El fuego aumentó por un
momento y miles de sombras alargadas se deslizaron pared arriba. Luego bajó y
los leños ardientes crepitaron con fuerza. Por unos momentos pareció
distinguirse entre las llamas la figura del basilisco reptando entre los leños.
Todos los niños se dieron cuenta y se miraron entre sí, con asombro y complicidad.
Uno se levantó y se alejó
entre la oscuridad inquietante de la casa. Sus pequeños pasos retumbaron en lo
más profundo de las piedras del suelo.

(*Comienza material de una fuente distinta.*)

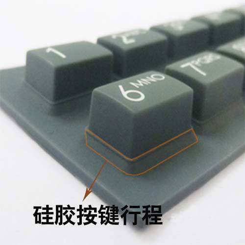 行程是指硅膠按鍵的導電面到PCB之間的距離,這個要靠硅膠按鍵與塑膠外殼的設(shè)計來配合,一般我們做遙控器按鍵的行程通常都做到1.1±0.1mm,這個行程能夠滿足大眾的手感要求,按鍵在按下的過程中有明顯的段落感,手感舒適,這種行程的按鍵高度一般要高出機殼1.7mm左右,即按鍵按下后表面還高出機殼0.5mm左右,這樣就能避免硅膠按鍵卡鍵或者彈不起來的問題。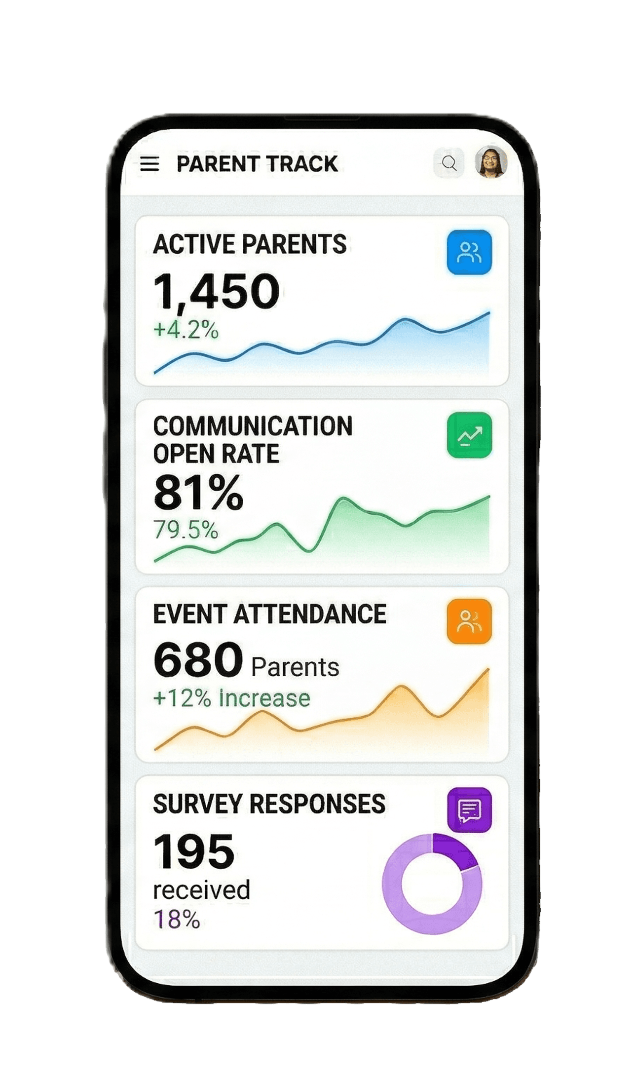 Yes, Parent Track can be used to track parent volunteer hours and other metrics for parent engagement success such as event attendance, fundraising, and more.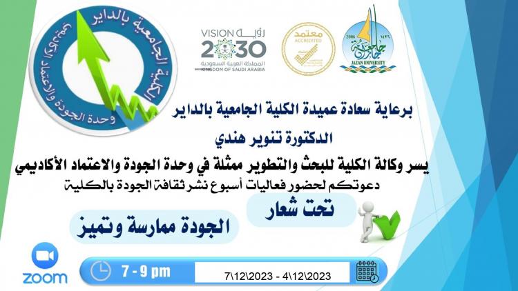 نظمت وكالة الكلية الجامعية بالداير للبحث والتطوير ممثلة في وحدة الجودة والاعتماد الأكاديمي فعاليات أسبوع نشر ثقافة الجودة بالكلية تحت شعار الجودة ممارسة وتميز عبر تطبيق الزووم برعاية عميدة الكلية الجامعية بالداير الدكتورة تنوير هندي.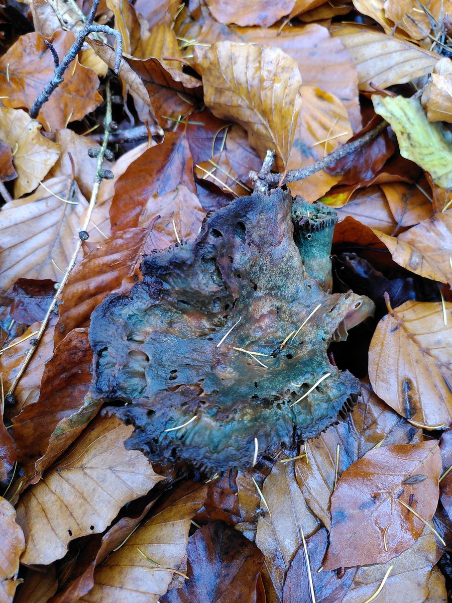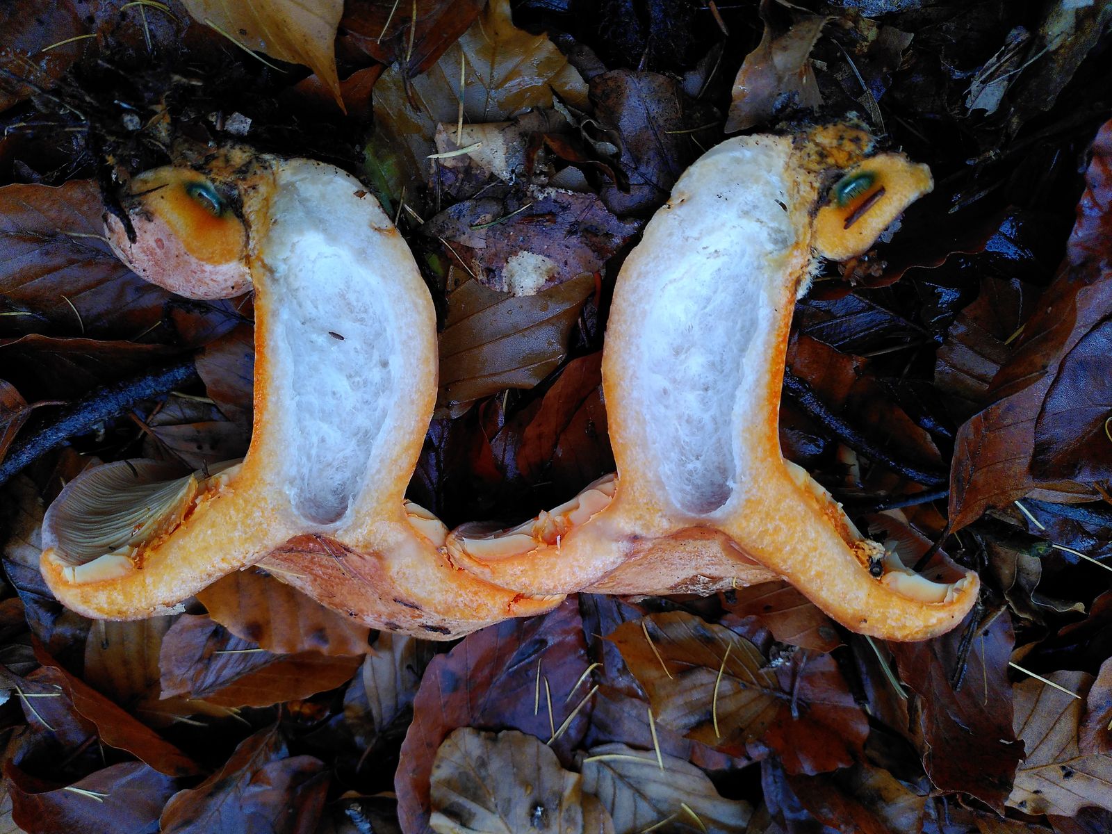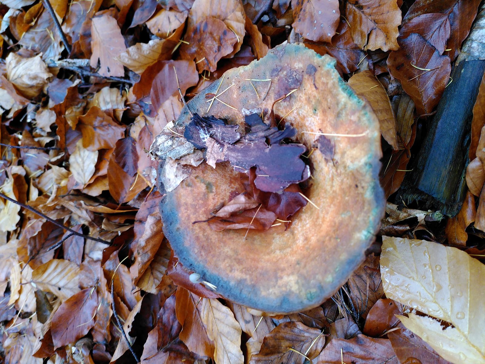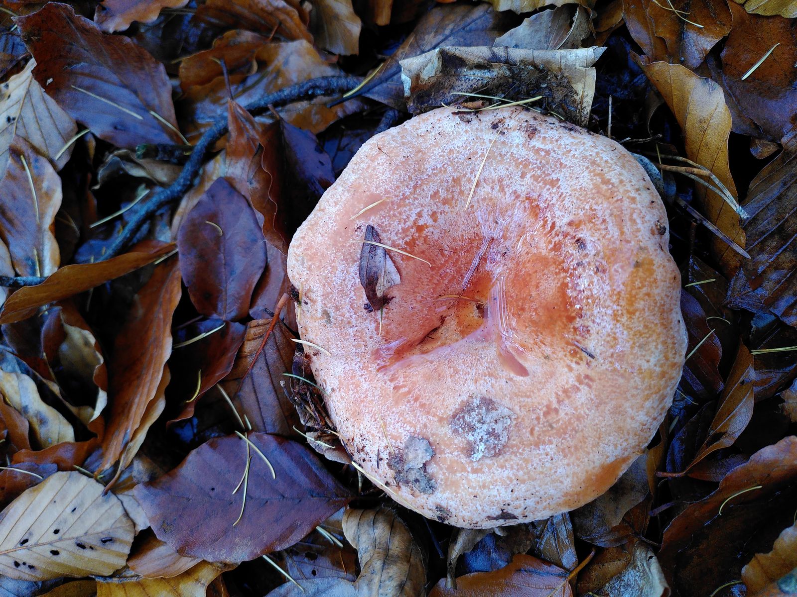 Diesen Reizker-Fund aus einem Buchenwald mit einzelnen Kiefern im November möchte ich deshalb hier gerne noch zur Diskussion stellen. Tannen oder Fichten gab es dort nicht. Mit dieser Voraussetzung bleiben eigentlich nur L. sanguifluus, L. semisanguifluus, L. quieticolor und L. deliciosus. Nachdem ich mir die Arten im Kibby nochmal genau angeschaut habe, lande ich am ehesten beim Edelreizker (Lactarius deliciosus).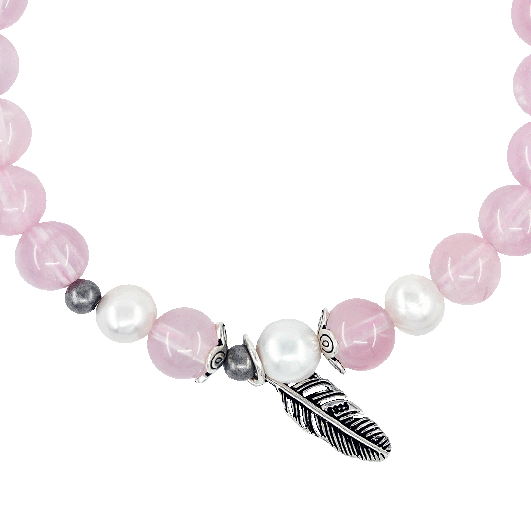 Jeder Stein und jede Perle trägt natürliche Energie. Die Kombination aus Rosenquarz, Perlen und Silberblättern schenkt Ruhe, Harmonie und feminine Schönheit. Ein Schmuckstück, das nicht nur bezaubert, sondern auch innere Wärme schenkt – für dich selbst oder einen geliebten Menschen.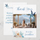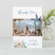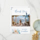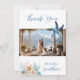 Express your gratitude with this elegant coastal-themed wedding "Thank You" card. This design features a vibrant watercolor under the sea scene, and a central placeholder to showcase your favorite wedding photo. The reverse side includes a heartfelt message in beautiful blue calligraphy, which can be fully personalized.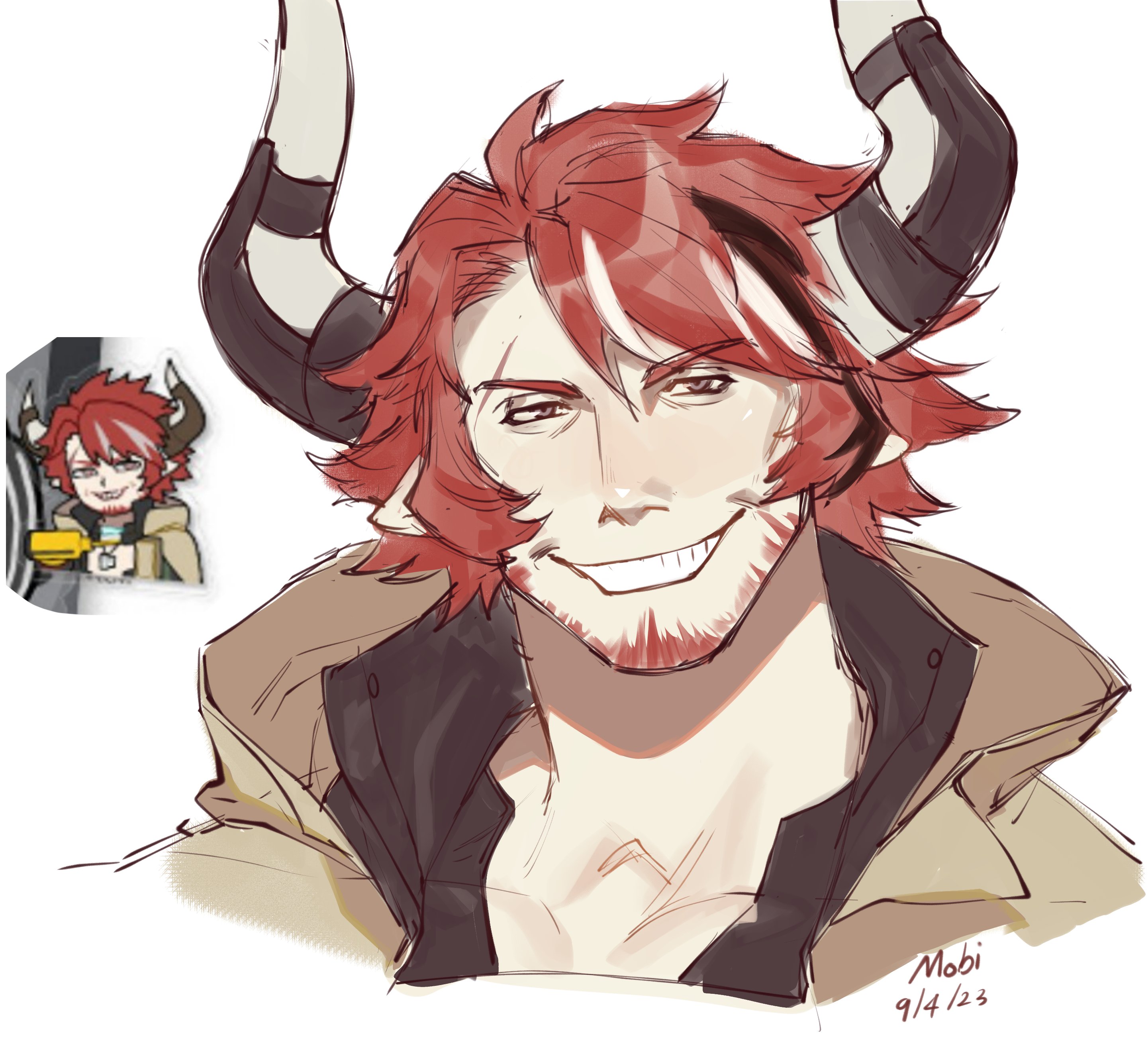 1boy absurdres animal_ears arknights beard cow_boy cow_ears cow_horns creepy_eyes cropped_torso facial_hair full_beard half-closed_eyes highres horns humus_(arknights) looking_at_viewer male_focus mature_male mobrinono multicolored_hair red_hair reference_inset short_hair smile streaked_hair thick_eyebrows

Y la abuela siguió mirando el fuego con
atención, olvidándose de todo.
Cuando el nieto que se
había levantado regresó, “la Bastardilla” se dio cuenta de que traía consigo un
pequeño espejo de tocador. El pequeño se acercó a la abuela y, sin mirarla a
los ojos, extendió su brazo hacia la cara arrugada. Abuela y nieto, sin
mirarse, sintieron el desprecio y el odio. “La Bastardilla” agarró el espejo y
lo arrojó al fuego con rabia. Todos callaron y observaron las llamas, sin nada
que decirse, conmocionados por lo que había pasado. De repente, el espejo
estalló por el calor. Un sonido agudo y crispante resonó entre las cuatro
paredes de la chimenea y su eco fue alejándose hacia arriba, como el humo del
fuego, serpenteando entre las estrellas de aquella noche fría de invierno.